Il forte legame tra la badia e la famiglia tuscolana si consolidò sempre più, tanto che nel 1037 Benedetto IX (1032-1044), nipote di Gregorio I, le concesse dei beni nel territorio di Albano e volle come consigliere l'abate Bartolomeo. Nel XII secolo Callisto II (1119-1124) dichiarò l'abbazia soggetta esclusivamente alla Santa Sede e libera dalla giurisdizione del vescovo, rafforzando enormemente il potere dell'abbazia. Il monastero giunse a possedere terreni vastissimi che andavano da Albano fino alla Labicana, fu coinvolto anche nelle lotte fra Tuscolo e Roma e nel 1163 i monaci furono costretti a rifugiarsi a Subiaco.
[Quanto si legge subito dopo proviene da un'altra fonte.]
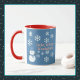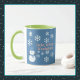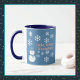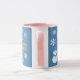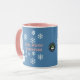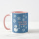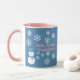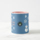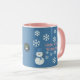 A Slice of Life and Delight presents Hello, Winter Wonderland combo coffee mugs with a snowman decorated with white snowflakes, pink writing, and a blue backdrop. The snowman coffee mugs also have a blue hat and scarf.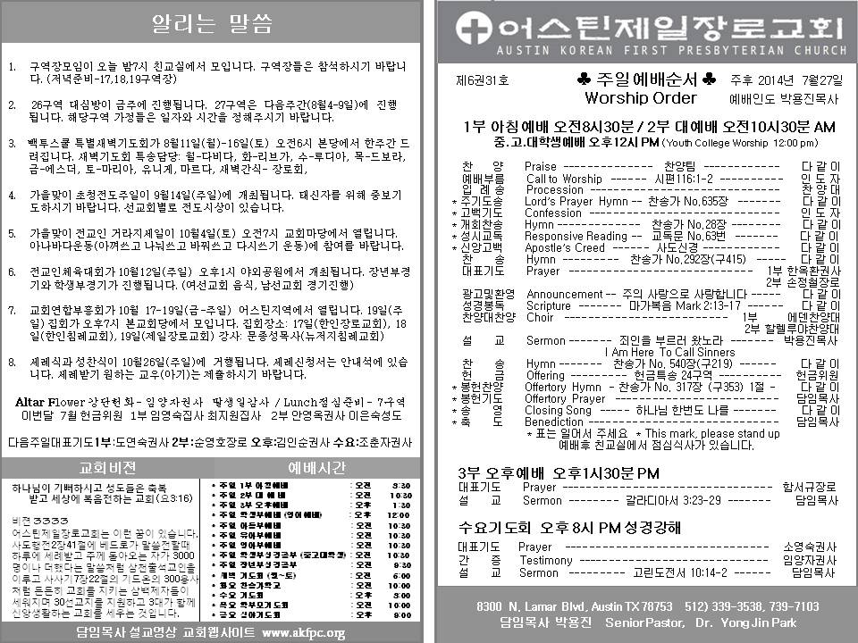Copyright ⓒ www.akfpc.org Austin Korean First Presbyterian Church All rights reserved.

Nel 1379, durante lo scisma d'Occidente, i monaci abbandonarono nuovamente l'abbazia, sotto la protezione dei Caetani signori di Marino. Nel 1462, Pio II (1458 - 1464) interruppe la serie degli abati perpetui dando l'abbazia in commenda al cardinale Bessarione, a cui seguì Giuliano della Rovere. Il cardinale della Rovere avvalendosi dell'opera di Baccio Pontelli, cinse il complesso con un recinto murario ornato da cortine merlate e torrioni cilindrici su tre lati; è probabile opera di Giuliano da Sangallo, o forse del Bramante, il Palazzo della Commenda caratterizzato da un bel portico con colonne di pietra sperone. Dal 1626 al 1738 l'Abbazia fu retta dai Barberini; durante il periodo napoleonico l'ordine monastico non venne soppresso, ma l'Abbazia subì molte spoliazioni.
Attualmente l'edificio ospita al pian terreno il Museo, in cui sono custoditi numerosi reperti archeologici e resti della decorazione della chiesa; il soffitto di una delle sale è stato dipinto nel 1547 da Francesco da Siena, in omaggio al commendatario Fabio Colonna; rappresenta le storie di Fabio Massimo il Temporeggiatore; al piano nobile un'altra sala fu affrescata da autore ignoto con le storie della distruzione di Tuscolo, all'epoca del commendatario Alessandro Farnese.